**MATERIAL FOR THIS TASK:**
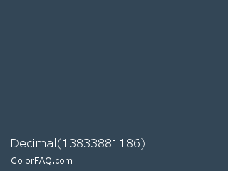Decimal 13833881186 Color is a dark blue color and the nearest color is Pickled Bluewood #314459. Hex code #334656 and RGB value is rgb(51,70,86). In RGB color space, this color is composed of 20% red, 27% green, 34% blue, In CMYK color space, this color is composed of 41% cyan, 19% magenta, 0% yellow , 66% black , In HSL color space, this color has a hue angle of 207° , 26% saturation and 27% lightness.
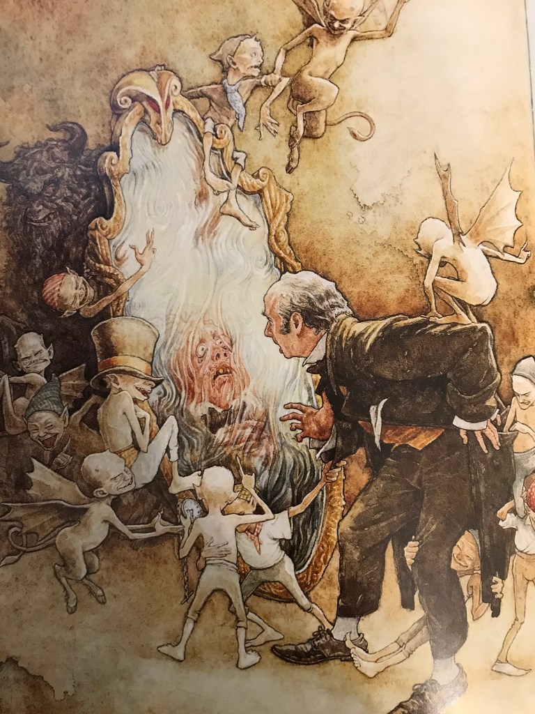 “il diavolo.” Un giorno era proprio di buon umore, perché aveva costruito uno specchio che aveva la facoltà di far sparire immediatamente tutte le cose belle e buone che vi si rispecchiavano, come non fossero state nulla; quello che invece era brutto e che appariva orribile, risaltava ancora di più.
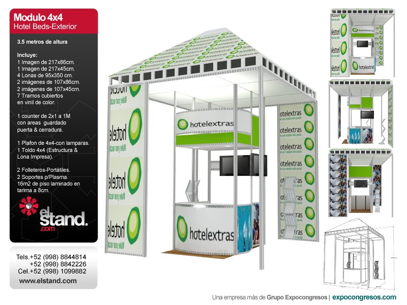 Modulo 4×4 Hotel Beds-Exterior 3.5 metros de altura Incluye: 1 Imagen de 217x86cm. 1 Imagen de 217x45cm. 4 Lonas de 95×350 cm. 2 imágenes de… Leer más »Modulos para Plazas en Cancún- 4×4 Hotel Beds-Exterior
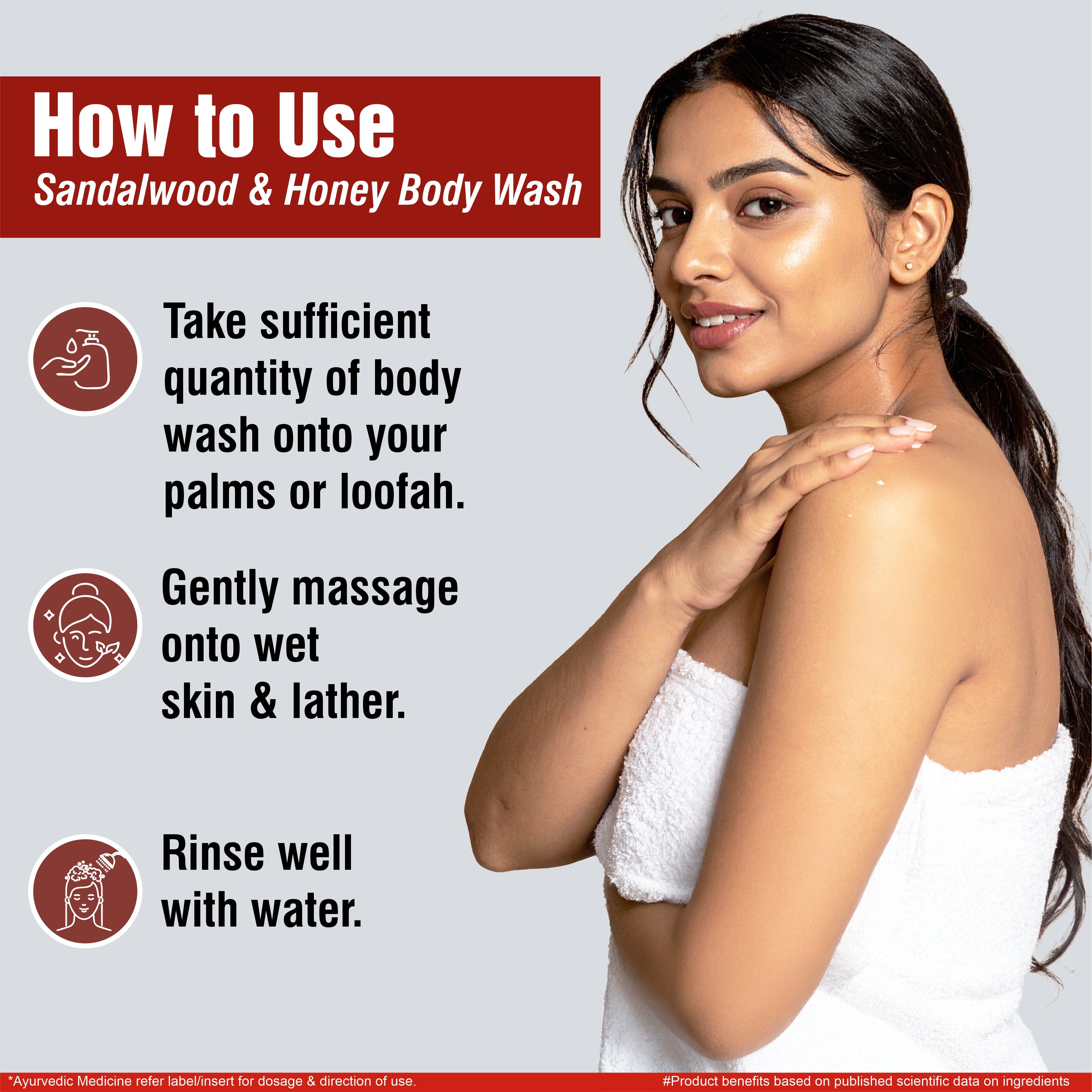 3 Work into a rich lather and gently massage all over the body.
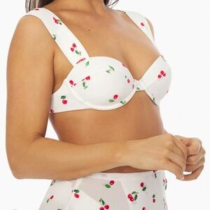 weworewhat cherries claudia swimsuit top and low rise bottom size large
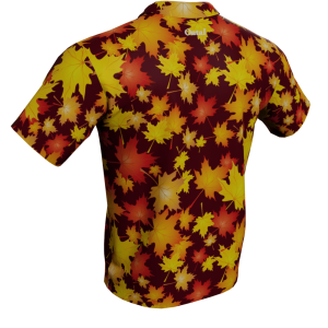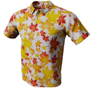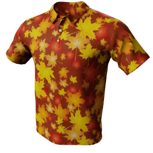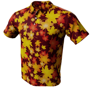 Style up your wardrobe this season and embrace the crisp autumn air with our Autumn Leaves Polo Golf Shirt. The design showcases a collection of maple leaves falling onto a solid color background. Choose from 4 colors.

**TASK ITEM:**
Without any of its pictures, the listing is to be repeated exactly as it stands.

**OUTPUT OF THE EXERCISE:**
Decimal 13833881186 Color is a dark blue color and the nearest color is Pickled Bluewood #314459. Hex code #334656 and RGB value is rgb(51,70,86). In RGB color space, this color is composed of 20% red, 27% green, 34% blue, In CMYK color space, this color is composed of 41% cyan, 19% magenta, 0% yellow , 66% black , In HSL color space, this color has a hue angle of 207° , 26% saturation and 27% lightness.
 “il diavolo.” Un giorno era proprio di buon umore, perché aveva costruito uno specchio che aveva la facoltà di far sparire immediatamente tutte le cose belle e buone che vi si rispecchiavano, come non fossero state nulla; quello che invece era brutto e che appariva orribile, risaltava ancora di più.
 Modulo 4×4 Hotel Beds-Exterior 3.5 metros de altura Incluye: 1 Imagen de 217x86cm. 1 Imagen de 217x45cm. 4 Lonas de 95×350 cm. 2 imágenes de… Leer más »Modulos para Plazas en Cancún- 4×4 Hotel Beds-Exterior
 3 Work into a rich lather and gently massage all over the body.
 weworewhat cherries claudia swimsuit top and low rise bottom size large
 Style up your wardrobe this season and embrace the crisp autumn air with our Autumn Leaves Polo Golf Shirt. The design showcases a collection of maple leaves falling onto a solid color background. Choose from 4 colors.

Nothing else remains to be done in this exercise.